Find the formula 42 reversed is 24 2+4 = 6. The difference between 42 & 24 is 18, 2 + 4 = 6. 18 x 2 = 36, 36 + 6 = 42, 18 + 6 = 24. I need to find a formula that would've found the answers 6 & 18 before I knew they were the answer, but could also work for other numbers than 42/24 ?

To find a formula that can generate the answers 6 and 18 in a similar manner to the example you provided with the numbers 42 and 24, we can break down the steps you took and generalize them. Let's outline the problem-solving process:

1. Reverse the first number: This step involves reversing the digits of the first number. In the case of 42, reversing it gives us 24.

2. Calculate the sum of the reversed digits: Combine the digits of the reversed number and calculate their sum. In this example, 2 + 4 = 6.

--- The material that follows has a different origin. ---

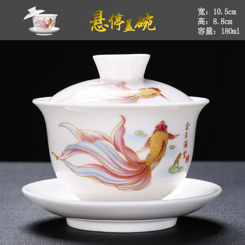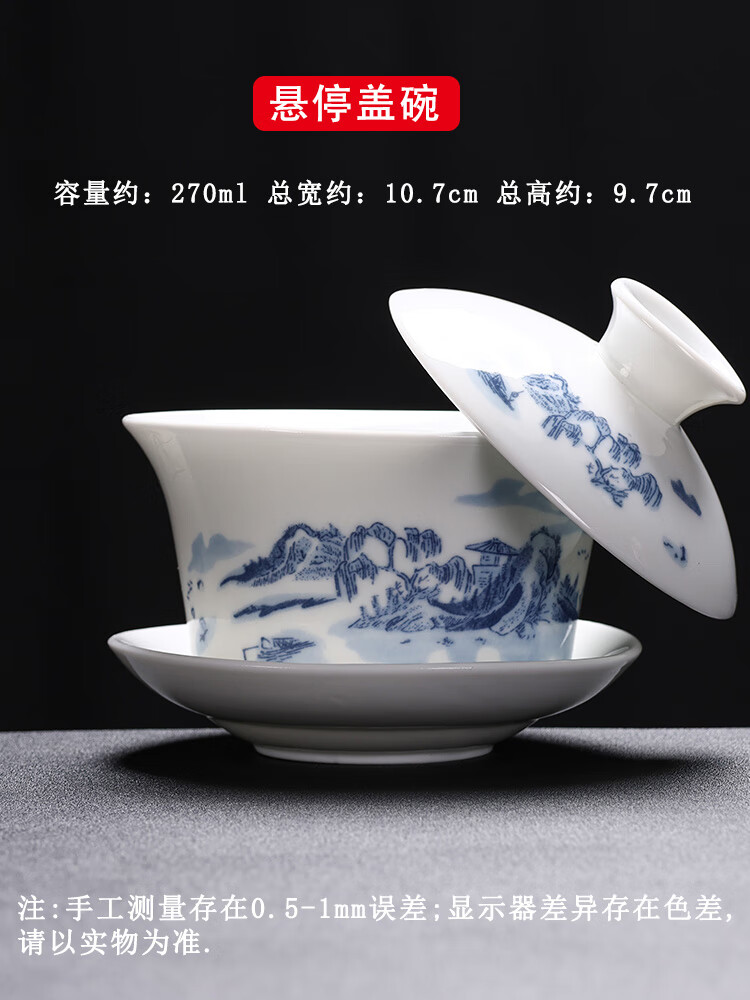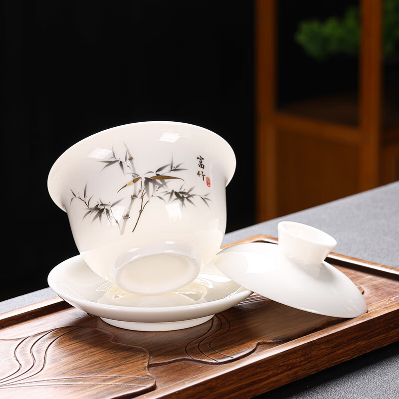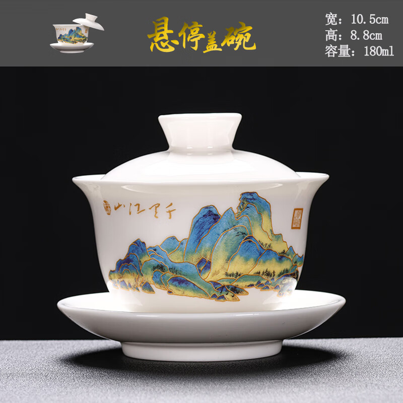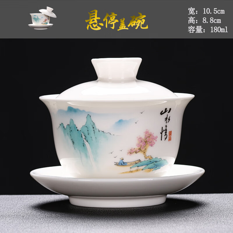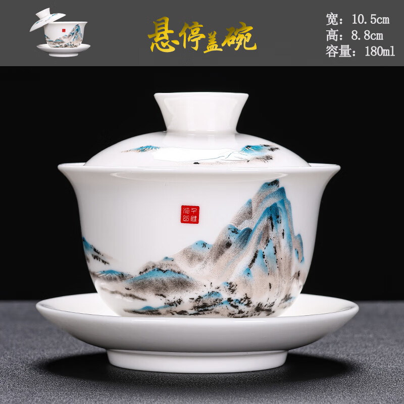 Baolin hovering large tureen suet jade three-cup lid tea bowl tea set single high-end white porcelain hand-held teapot 280ML-large hovering tureen-mutton-fat jade-Fuzhu

3. Calculate the difference between the original number and the reversed number: Subtract the reversed number from the original number. For 42 and 24, the difference is 18.

4. Calculate the sum of the digits obtained in step 2: Take the sum from step 2 (6, in this example) and calculate the sum of its individual digits. In our case, 6 is already a single digit.

5. Multiply the difference calculated in step 3 by 2: Multiply the difference by 2. In our example, 18 * 2 = 36.

6. Add the result of step 5 to the result of step 4: Add the result from step 5 to the sum obtained in step 4. In our example, 36 + 6 = 42.

7. Add the result of step 3 to the sum obtained in step 2: Add the difference obtained in step 3 to the sum obtained in step 2. In this example, 18 + 6 = 24.

Now, let's write a formula that can generate the desired results:

Let's assume the original number is represented by "n" and the reversed number by "r".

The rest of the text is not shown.